In 2006, Swiss pharmaceutical company Novartis notoriously took the Indian government to court in an effort to change the country’s patent law, after the company was denied a patent on a cancer drug. The company lost its challenge in India’s Supreme Court seven years later, in a landmark ruling in April 2013. Nevertheless, the US, Switzerland, the European Union, and now Japan, are renewing efforts to push back against India’s laws and policies that make full use of public health flexibilities in international trade rules to increase access to affordable generic medicines.
 
Through the RCEP negotiations, Japan is seeking to put in place several damaging provisions, all of which go beyond India’s obligations under international trade rules.
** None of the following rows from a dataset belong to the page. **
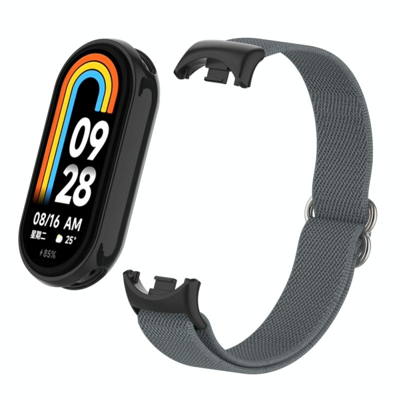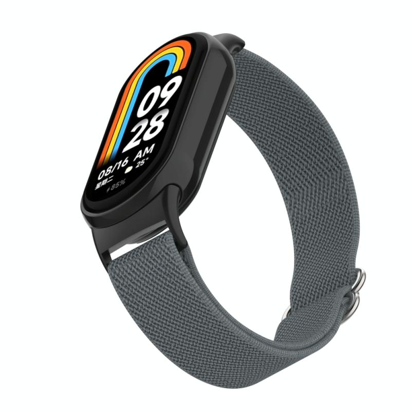 For Xiaomi Smart Band 9 / 8 Plastic Plug Plain Elastic Nylon Watch Band(Charcoal Color)
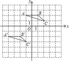 解答 解:(1)所作图形如图所示:(2)所作图形如图所示:A'(-4,-2),B'(-2,-2),C'(-1,-3);(3)S△ABC=$\frac{1}{2}$×2×1=1.
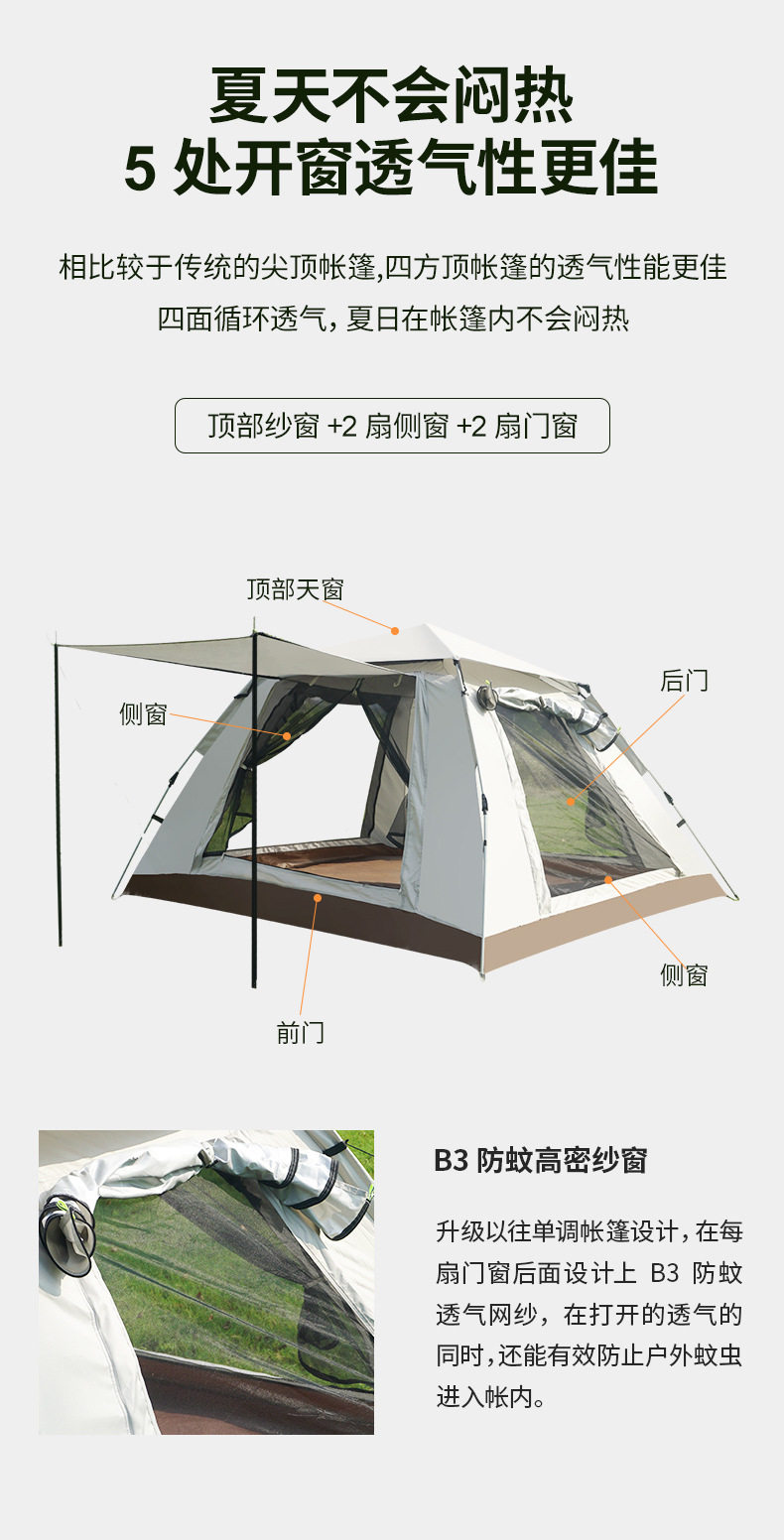 戶外露營帳篷兩門兩窗全自動速開遮陽防風野營野外露營全套裝帳篷

They would allow companies to perpetually extend monopolies by making modifications to existing medicines, a common pharmaceutical industry practice known as ‘evergreening’. Further measures would allow companies to gain de-facto monopolies - even for drugs that do not merit a patent under India’s law - by restricting the ability of the drug regulatory authority to register generic drugs, unless expensive and unethical clinical trials are replicated, so-called ‘data exclusivity.’
 
Bilateral trade agreements under negotiation with the EU and European Free Trade Association (EFTA) - which also contained harmful provisions for access to medicines - had been stalled for years following intense push back from Indian negotiators and civil society, but talks are rumoured to be starting again soon.
 
The US government, backed strongly by its pharmaceutical lobby, is not only pressuring India to dilute its patentability standards, but is persistently pushing India to implement a drug regulatory system that would essentially block registration of generic medicines if a patent dispute exists, also known as patent linkage. The Indian Ministry of Health appears to be seriously considering such changes.
 
“We have been working tirelessly for a decade and a half to make sure India can continue to be a lifeline for millions of people around the world who rely on affordable medicines to stay alive and healthy. We shudder at the thought that we could lose everything and that the multinational pharmaceutical industry could succeed in gutting generic competition from India so that profit reigns above people’s lives. Prime Minister Modi: Don’t trade away lives in the face of international pharmaceutical companies’ pressure,” said Leena Menghaney, South Asia director for MSF’s Access Campaign.